2. On this vihara, its foundation and character, see Oldenberg, Vinaya, vol. i. p. liii; Hiouen-thsang, III, p. 487 seq.]

p. xxii voice of Buddha); and throughout the world he became as renowned as Buddha. Having there (in Gambudipa) composed an original work called Nanodaya (Rise of Knowledge), he, at the same time, wrote the chapter called Atthasalini, on the Dhammasangani (one of the commentaries on the Abhidhamma).

‘Revata Thera then observing that he was desirous of undertaking the compilation of a general commentary on the Pitakattaya, thus addressed him: “The text alone of the Pitakattaya has been preserved in this land, the Atthakatha are not extant here, nor is there any version to be found of the schisms (vada) complete. The Sinhalese Atthakatha are genuine. They were composed in the Sinhalese language by the inspired and profoundly wise Mahinda, who had previously consulted the discourses (kathamagga) of Buddha, authenticated at the three convocations, and the dissertations and arguments of Sariputta and others, and they are extant among the Sinhalese.
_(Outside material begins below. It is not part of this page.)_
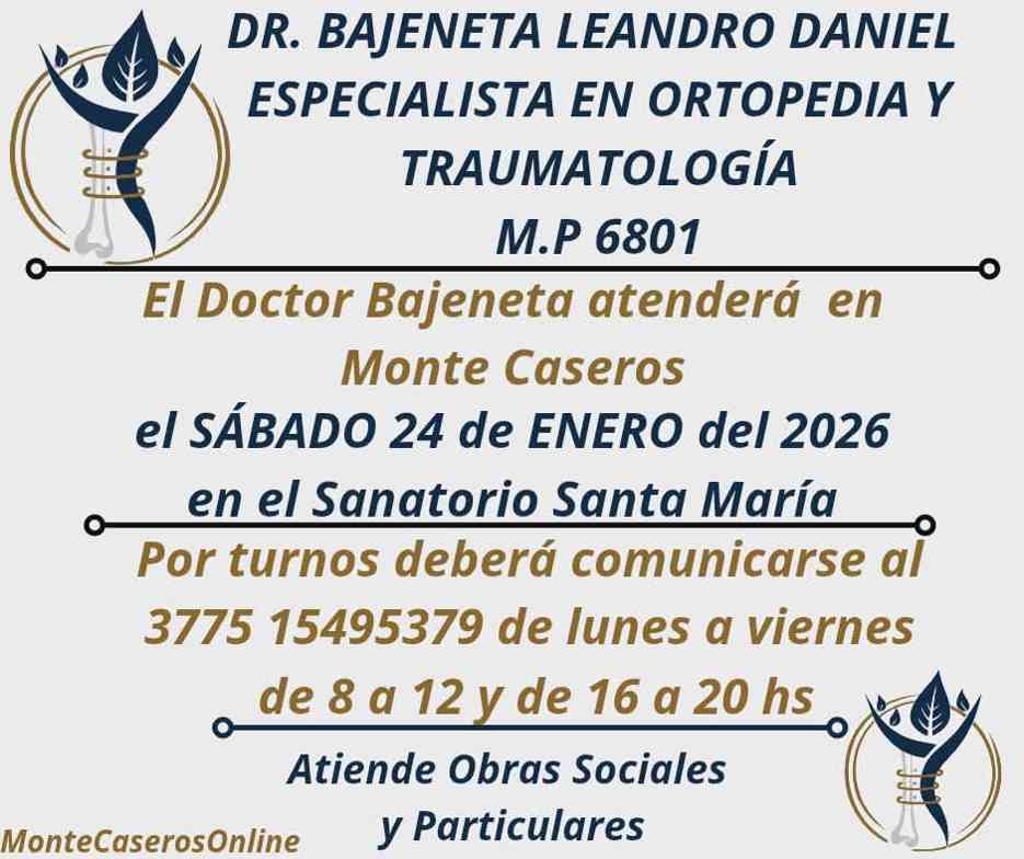 El especialista en ortopedia y traumatología estará disponible sábado 24 de enero en el Sanatorio Santa María. Se atienden obras sociales y consultas particulares. El médico traumatólogo Dr. Leandro Daniel Bajeneta (M.P. 6801) regresará a Monte Ca...

Preparing for this, and studying the same, translate them according to the rules of the grammar of the Magadhas. It will be an act conducive to the welfare of the whole world.”
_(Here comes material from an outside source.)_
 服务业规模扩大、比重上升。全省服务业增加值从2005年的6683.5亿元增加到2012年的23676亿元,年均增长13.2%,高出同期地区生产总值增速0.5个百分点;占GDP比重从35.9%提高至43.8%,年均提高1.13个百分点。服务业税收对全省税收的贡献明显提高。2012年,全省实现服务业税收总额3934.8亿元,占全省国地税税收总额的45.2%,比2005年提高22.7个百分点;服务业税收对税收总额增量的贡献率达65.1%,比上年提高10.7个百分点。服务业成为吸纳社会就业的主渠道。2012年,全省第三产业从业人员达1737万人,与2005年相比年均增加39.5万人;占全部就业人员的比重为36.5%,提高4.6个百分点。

‘Having been thus advised, this eminently wise personage rejoicing therein, departed from thence, and visited this island in the reign of this monarch (i.e. Mahanama, 410-432). On reaching the Mahavihara (at Anuradhapura), he entered the Mahapadhana hall, the most splendid of the apartments in the vihara, and listened to the Sinhalese Atthakatha, and the Theravada, from the beginning to the end, propounded by the Thera Sanghapala; and became thoroughly convinced that they conveyed the true meaning of the doctrines of the Lord of Dhamma. Thereupon paying reverential respect to the priesthood, he thus petitioned: “I am desirous of translating the Atthakatha; give me access to all your books.” The priesthood, for the purpose of testing his qualifications, gave only two gathas, saying, “Hence prove thy qualification; having satisfied ourselves on this point, we will then let thee have all our books.” From these (taking these gatha for his text), and p. xxiii consulting the Pitakattaya, together with the Atthakatha, and condensing them into an abridged form, he composed the work called the Visuddhimagga. Thereupon, having assembled the priesthood, who had acquired a thorough knowledge of the doctrines of Buddha, at the Bo-tree, he commenced to read out the work he had composed. The devatas, in order that they might make his (Buddhaghosa’s) gifts of wisdom celebrated among men, rendered that book invisible. He, however, for a second and third time recomposed it. When he was in the act of producing his book for the third time, for the purpose of propounding it, the devatas restored the other two copies also. The assembled priests then read out the three books simultaneously. In those three versions there was no variation whatever from the orthodox Theravadas in passages, in words, or in syllables. Thereupon, the priesthood rejoicing, again and again ferventIy shouted forth, saying, “Most assuredly this is Metteya (Buddha) himself,” and made over to him the books in which the Pitakattaya were recorded, together with the Atthakatha. Taking up his residence in the secluded Ganthakara-vihara (at Anuradhapura), he translated, according to the grammatical rules of the Magadhas, which is the root of all languages, the whole of the Sinhalese Atthakatha (into Pali). This proved an achievement of the utmost consequence to all beings, whatever their language.

‘All the Theras and Akariyas held this compilation in the same estimation as the text (of the Pitakattaya). Thereafter, the objects of his mission having been fulfilled, he returned to Gambudipa, to worship at the Bo-tree (at Uruvelaya, or Uruvilva, in Magadha).’